Jonathan Hunt is the County Schools Librarian at the San Diego County Office of Education. He served on the 2006 Newbery committee, and has also judged the Printz Award, the Boston Globe-Horn Book Awards, and the Los Angeles Times Book Prize. You can reach him at hunt_yellow@yahoo.com

Comments

  1. mslibrarian says:

    I agree with Jonathan that both books are worthwhile titles that should be widely recommended to young readers, whether they receive awards or not. However, I also see that there are some issues in each book. Black Hole has a somewhat poor typographic and layout design and the author does not address the question of “what happens to matters when they are sucked into a black hole.” And Moonbird has a slight pacing issue after the first 2/3 of the book, due to the repetitive nature of the rufas’ journeying and feeding pattern. I think this book would have been perfect if it were slightly shorter and tighter.

  2. Jonathan Hunt says:

    BLACK HOLE: Well, you have stumbled upon one of my biggest pet peeves about critiquing nonfiction: pretending like design and layout are more important than they really are. Too often such criticisms seem like an unwillingness to engage intellectually with the actual content of the writing. If, for example, I said that SPLENDORS AND GLOOMS had poor typography (and it does, by the way: the print is too small, the line spacing too narrow, and there is just too much text on each page, especially for the younger readers that this book seems best suited for). If I argued that this merited removing the book from serious consideration . . . Well, you wouldn’t take me very seriously, would you? Yet we do this all the time for nonfiction. Why the double standard? Can you be more specific about how the design choices make the text less effective? I believe your second complaint is addressed in chapter 7, especially page 50. Basically, DeCristofano says that we just don’t know what happens, although we can guess. Not very satisfying, but it’s the truth, and maybe it will inspire some readers to grow up to be astrophysicists and explore that question.
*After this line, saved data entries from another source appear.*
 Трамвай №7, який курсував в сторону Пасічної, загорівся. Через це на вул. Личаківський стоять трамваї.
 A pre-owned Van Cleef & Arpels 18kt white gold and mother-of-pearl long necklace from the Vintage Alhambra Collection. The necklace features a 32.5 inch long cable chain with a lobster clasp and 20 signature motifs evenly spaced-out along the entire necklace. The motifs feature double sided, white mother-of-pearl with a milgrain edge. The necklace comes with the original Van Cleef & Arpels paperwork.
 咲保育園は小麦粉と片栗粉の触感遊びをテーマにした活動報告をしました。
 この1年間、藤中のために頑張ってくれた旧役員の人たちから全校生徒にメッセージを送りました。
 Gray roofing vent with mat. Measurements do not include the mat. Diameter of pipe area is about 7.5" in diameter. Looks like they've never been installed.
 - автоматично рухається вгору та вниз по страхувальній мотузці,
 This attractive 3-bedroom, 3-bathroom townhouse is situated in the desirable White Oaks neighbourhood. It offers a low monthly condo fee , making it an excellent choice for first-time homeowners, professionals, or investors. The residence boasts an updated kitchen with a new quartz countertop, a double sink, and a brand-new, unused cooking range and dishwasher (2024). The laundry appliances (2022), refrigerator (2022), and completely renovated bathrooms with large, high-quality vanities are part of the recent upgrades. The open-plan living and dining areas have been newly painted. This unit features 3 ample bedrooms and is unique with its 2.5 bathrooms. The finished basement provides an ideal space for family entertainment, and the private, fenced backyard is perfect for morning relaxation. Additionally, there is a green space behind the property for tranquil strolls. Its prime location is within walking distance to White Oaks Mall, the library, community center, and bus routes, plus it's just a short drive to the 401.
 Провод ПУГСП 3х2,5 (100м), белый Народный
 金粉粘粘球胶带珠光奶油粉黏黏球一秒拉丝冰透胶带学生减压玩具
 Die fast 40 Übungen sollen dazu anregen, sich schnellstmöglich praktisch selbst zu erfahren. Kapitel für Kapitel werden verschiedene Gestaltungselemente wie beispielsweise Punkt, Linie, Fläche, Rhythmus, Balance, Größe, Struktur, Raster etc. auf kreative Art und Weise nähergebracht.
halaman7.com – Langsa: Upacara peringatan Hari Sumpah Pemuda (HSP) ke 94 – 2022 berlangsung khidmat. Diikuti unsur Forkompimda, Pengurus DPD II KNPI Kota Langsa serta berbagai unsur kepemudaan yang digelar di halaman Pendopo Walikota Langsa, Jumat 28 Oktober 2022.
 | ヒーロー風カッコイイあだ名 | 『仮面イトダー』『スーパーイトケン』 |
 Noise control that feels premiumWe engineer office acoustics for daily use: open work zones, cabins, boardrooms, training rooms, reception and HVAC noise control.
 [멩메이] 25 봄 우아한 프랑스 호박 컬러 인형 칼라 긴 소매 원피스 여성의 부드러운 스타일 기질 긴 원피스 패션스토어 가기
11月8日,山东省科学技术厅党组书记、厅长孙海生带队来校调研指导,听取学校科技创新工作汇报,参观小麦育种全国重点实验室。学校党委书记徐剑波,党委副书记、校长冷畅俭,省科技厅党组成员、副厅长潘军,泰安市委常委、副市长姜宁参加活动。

    MOONBIRD: Well, there are eight chapters in this book and only two of them are devoted to the slightly repetitive southbound migration. So, again, it’s hard for me to really take your complaint seriously. On a different tack, how does the pacing of this one compare to the so-called jumpy pacing of NO CRYSTAL STAIR or the leisurely pacing of SPLENDORS AND GLOOMS?

  3. mslibrarian says:

    I will address all the points by Jonathan here:

    1. Yes, the design/layout actually does come into play when there is the entry in the criteria that the illustrations (I take that as to include all the visual elements) detract the whole reading experience. What’s wrong with the design of Black Hole? I don’t have the book with me, but here are some points I recall: there are caption texts that’s set to probably 8 or 7 or even smaller size fonts that do not have to be so small or hard to read; there are pages where the placements of the images look institutional (to quote my daughter’s comment, “This is exactly what my science textbook looks like” — while the chapter lead-in large artists’ renderings are indeed quite nice — so there is that imbalance of “tone” in the visual presentation. I might be able to include more (color choices? that’s taste, of course!) when I get back to work and look at the book again.

    2. The “what happens to matters” still remains a hugely under-addressed topic in this book, even though there are a lot of speculations in the field. So in a book where many topics addressed ARE still largely theoretical but the author does not shy away from presenting one or several theories, to not explore a bit further in a book for kids (and I imagine many kids would have raised that query…) seems odd to me.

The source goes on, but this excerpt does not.